Test Tube Baby/Shoot 'em Down, Morphine (live at Nightstage, Cambridge, MA, 26 May 1992 [recording provenance unknown] ), via YouTube, embedded for noncommercial commentary, critical discussion, and educational purposes.
Boston strangler marathon bombing tea party
*
I'll confine my contribution to the story of America's Bombing with a few stray notes about media coverage of it that I haven't seen in writing yet.
First, I'll look for some Beltway celebrity pundit to declare that during the "national tragedy" in Boston, the social media "came of age." Specifically, I expect someone to compare the Reddit crowdsourcing detective forums as well Facebook and Twitter sleuthing to how television news reporting "came of age" on the day JFK was assassinated in Dallas. The contribution of Reddit editors is certainly significant and worth considering, but celebrity commentators are always compelled to turn one thing into another, well known thing that we all can relate to. I'll leave the topic (for the moment) by stating that any such comparison is shrinkwrapped horseshit.
Second, instead of regurgitating all the corporate media reporting failures this past week, not limited to CNN and Murdoch's New York Post, I'll point to a really competent aggregator of confusing and contradictory breaking news reports: Greg Mitchell's Pressing Matters blog. He has been way ahead of other aggregators I follow (such as TPM and Huffington Post), pulling together news from a wide variety of sources and commenting minimally to provide a professional, old-school journalist's interpretation. Most of his remarks are directed at helping the reader to avoid overinterpreting the reporting or to point out examples of bad journalistic practice. I only noticed one or two ham-handed quips in all his liveblogging over the past 2 or 3 days.
Third: Boston was not on "lockdown," as all media were breathlessly reporting this morning. I say this because the use of that term is nonsensical. You can't put a city on "lockdown"! As far as I can tell, no curfew was declared either: the police told people in Boston and environs to stay off the streets and to "shelter in place." Both seem to be sensible recommendations. And I'll add that the phrase shelter in place is a legitimate term of art for terrorism and hostage-type situations. The use of lockdown, though, is an example of what I see as a creeping compulsion by media and their slavish consumers to glamorize every aspect of life as if it were an action movie or made-for-TV drama. The news, you see, becomes much more thrilling to consume if described in terms of entertainment programming. I think of it as a social disease---an infection of real culture with the virus of mass media narrative. In my lifetime I've seen journalism migrate from (1) traditional news reporting, to (2) finding the "story" in the news to "help" the audience understand, to (3) intentionally communicating durable "story lines" to which facts are fit and cherrypicked against. This last stage is The Narrative. Many media and political scholars argue that the narrative long predates my perception of memory of it, and I wouldn't argue against that.
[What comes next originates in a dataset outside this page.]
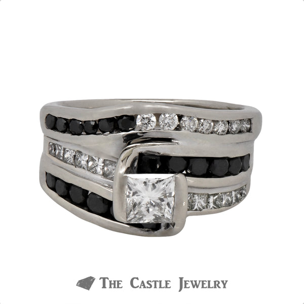 .50ct Princess Cut Bridal Set with Alternating Black & White Diamond Accents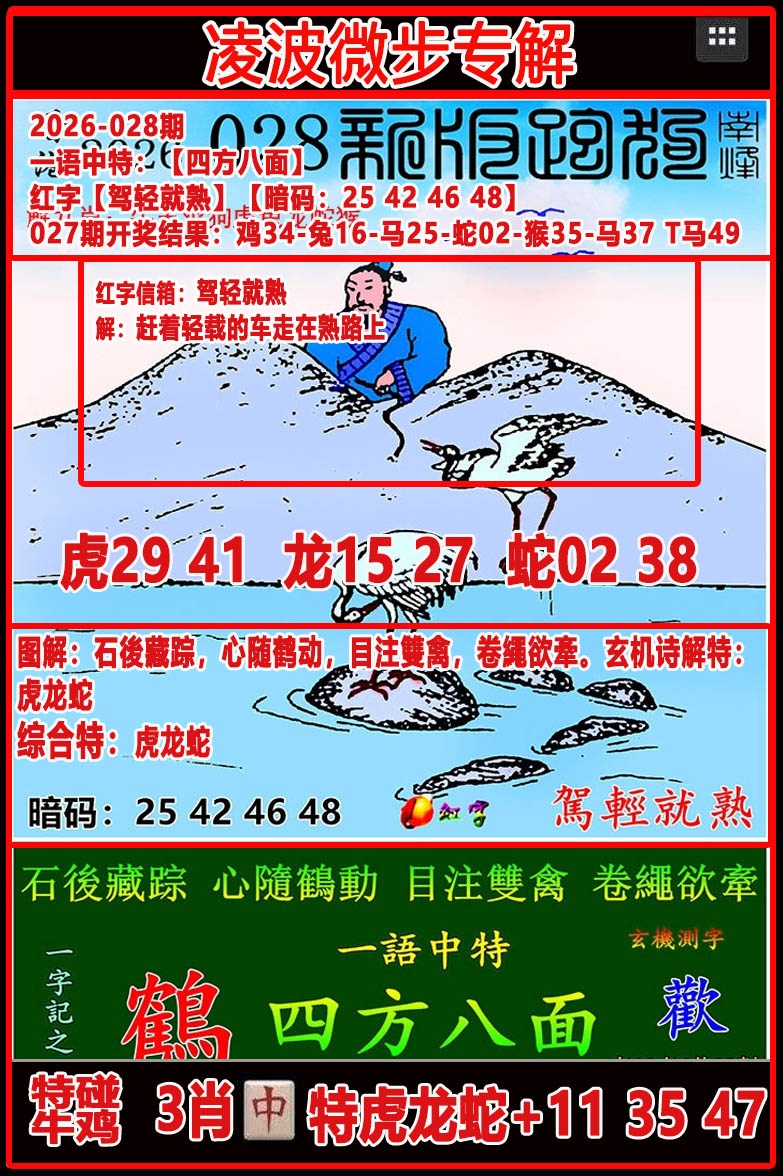 028期六合信箱紅字:駕輕就熟暗码:25-42-46-48

But I think my basic point here remains intact.
Last: NPR's so-called counterterrorism correspondent on All Things Considered tonight, "Dina Temple-Raston," behaved like a colossal douchebag by repeatedly telling everyone how taking the suspect alive was a top priority in order to get "intelligence" from him about "the plotters," with thick implications that we already know that the bombing was a coordinated foreign terrorist operation. No verified fact reported so far remotely supports that kind of language; everything that I've read and heard up to this moment indicates that two guys created some crude antipersonnel IEDs out of household materials and may have had their getaway car in queue for work at a body shop as late as Wednesday morning. Some plot! It may actually turn out to be true, but even the liberal NPR should know that it's best to wait for some facts to emerge before extrapolating too far along The Narrative.
I'll confine my contribution to the story of America's Bombing with a few stray notes about media coverage of it that I haven't seen in writing yet.
First, I'll look for some Beltway celebrity pundit to declare that during the "national tragedy" in Boston, the social media "came of age." Specifically, I expect someone to compare the Reddit crowdsourcing detective forums as well Facebook and Twitter sleuthing to how television news reporting "came of age" on the day JFK was assassinated in Dallas. The contribution of Reddit editors is certainly significant and worth considering, but celebrity commentators are always compelled to turn one thing into another, well known thing that we all can relate to. I'll leave the topic (for the moment) by stating that any such comparison is shrinkwrapped horseshit.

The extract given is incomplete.